**What to work on**
Copy the entries below word for word, minus the pictures.

===== Supplied data

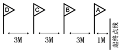 (1)場地設(shè)備:起終點(diǎn)線距A桿1米,各桿之間3米,總長度10米。
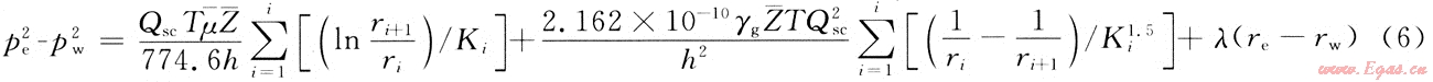 將i=3,4,…,n分別帶入式(5)中,可以得到n-2個類似的方程,并將這n-2個方程和式(3)和式(4)一起疊加,便可以得到考慮儲層變形和啟動壓力梯度、非達西流動的氣井產(chǎn)能方程:
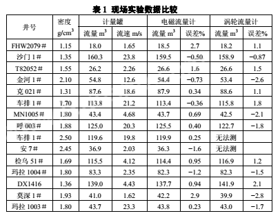 現(xiàn)場(chǎng)試驗(yàn)所用測(cè)量管的內(nèi)徑為DN50,通過高壓由壬接入泥漿管線,并串接渦輪流量計(jì)進(jìn)行比較,采用標(biāo)準(zhǔn)計(jì)量罐測(cè)試。計(jì)量鉆井泥漿密度范圍為1.15g/cm³~2.50g/cm³,固井設(shè)計(jì)施工現(xiàn)場(chǎng)一次性替漿量為18m³~160m³,替漿瞬時(shí)流量為0.2m³/min~2.8m³/min(流速:1.6~23.8m/s);通過近15口井的施工應(yīng)用,結(jié)果如表1所示。試驗(yàn)表明儀表計(jì)量誤差小于1%;在流速2.0m/s以下,隨著流量的減少測(cè)試誤差逐漸提高,在流速1.0m/s左右計(jì)量精度降到3%左右。經(jīng)分析,主要是由零點(diǎn)漂移引起的,這點(diǎn)與實(shí)驗(yàn)室用清水標(biāo)定結(jié)果基本吻合。使用DN50的測(cè)量管,實(shí)驗(yàn)室標(biāo)定結(jié)果如表2所示。試驗(yàn)證明,采用雙頻矩形波作為勵(lì)磁信號(hào),可有效地規(guī)避和抑止固井泥漿的流動(dòng)噪聲和現(xiàn)場(chǎng)震動(dòng)等所帶來的低頻噪聲,從而顯著提高儀表計(jì)量泥漿的精度。
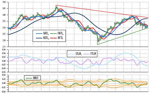 Адаптивная линия тренда SATL и опережающий индикатор STLM прошли свои локальные минимумы и возобновили рост. «Быстрые» индикаторы /FATL, FTLM и RBCI/ тоже «смотрят» вверх.
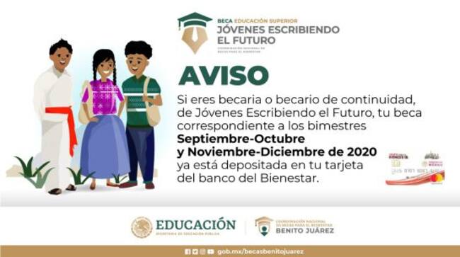 A través de las redes sociales de la Coordinación Nacional de Becas para el Bienestar Benito Juárez publicó que el pago correspondiente a los últimos periodos del año ya estaba depositado en las tarjeta del Banco del Bienestar.
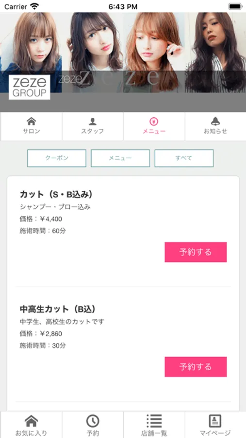 これまでの来店履歴や予約内容、お店からのお知らせをチェック。

==========

**Answer below**
 (1)場地設(shè)備:起終點(diǎn)線距A桿1米,各桿之間3米,總長度10米。
 將i=3,4,…,n分別帶入式(5)中,可以得到n-2個類似的方程,并將這n-2個方程和式(3)和式(4)一起疊加,便可以得到考慮儲層變形和啟動壓力梯度、非達西流動的氣井產(chǎn)能方程:
 現(xiàn)場(chǎng)試驗(yàn)所用測(cè)量管的內(nèi)徑為DN50,通過高壓由壬接入泥漿管線,并串接渦輪流量計(jì)進(jìn)行比較,采用標(biāo)準(zhǔn)計(jì)量罐測(cè)試。計(jì)量鉆井泥漿密度范圍為1.15g/cm³~2.50g/cm³,固井設(shè)計(jì)施工現(xiàn)場(chǎng)一次性替漿量為18m³~160m³,替漿瞬時(shí)流量為0.2m³/min~2.8m³/min(流速:1.6~23.8m/s);通過近15口井的施工應(yīng)用,結(jié)果如表1所示。試驗(yàn)表明儀表計(jì)量誤差小于1%;在流速2.0m/s以下,隨著流量的減少測(cè)試誤差逐漸提高,在流速1.0m/s左右計(jì)量精度降到3%左右。經(jīng)分析,主要是由零點(diǎn)漂移引起的,這點(diǎn)與實(shí)驗(yàn)室用清水標(biāo)定結(jié)果基本吻合。使用DN50的測(cè)量管,實(shí)驗(yàn)室標(biāo)定結(jié)果如表2所示。試驗(yàn)證明,采用雙頻矩形波作為勵(lì)磁信號(hào),可有效地規(guī)避和抑止固井泥漿的流動(dòng)噪聲和現(xiàn)場(chǎng)震動(dòng)等所帶來的低頻噪聲,從而顯著提高儀表計(jì)量泥漿的精度。
 Адаптивная линия тренда SATL и опережающий индикатор STLM прошли свои локальные минимумы и возобновили рост. «Быстрые» индикаторы /FATL, FTLM и RBCI/ тоже «смотрят» вверх.
 A través de las redes sociales de la Coordinación Nacional de Becas para el Bienestar Benito Juárez publicó que el pago correspondiente a los últimos periodos del año ya estaba depositado en las tarjeta del Banco del Bienestar.
 これまでの来店履歴や予約内容、お店からのお知らせをチェック。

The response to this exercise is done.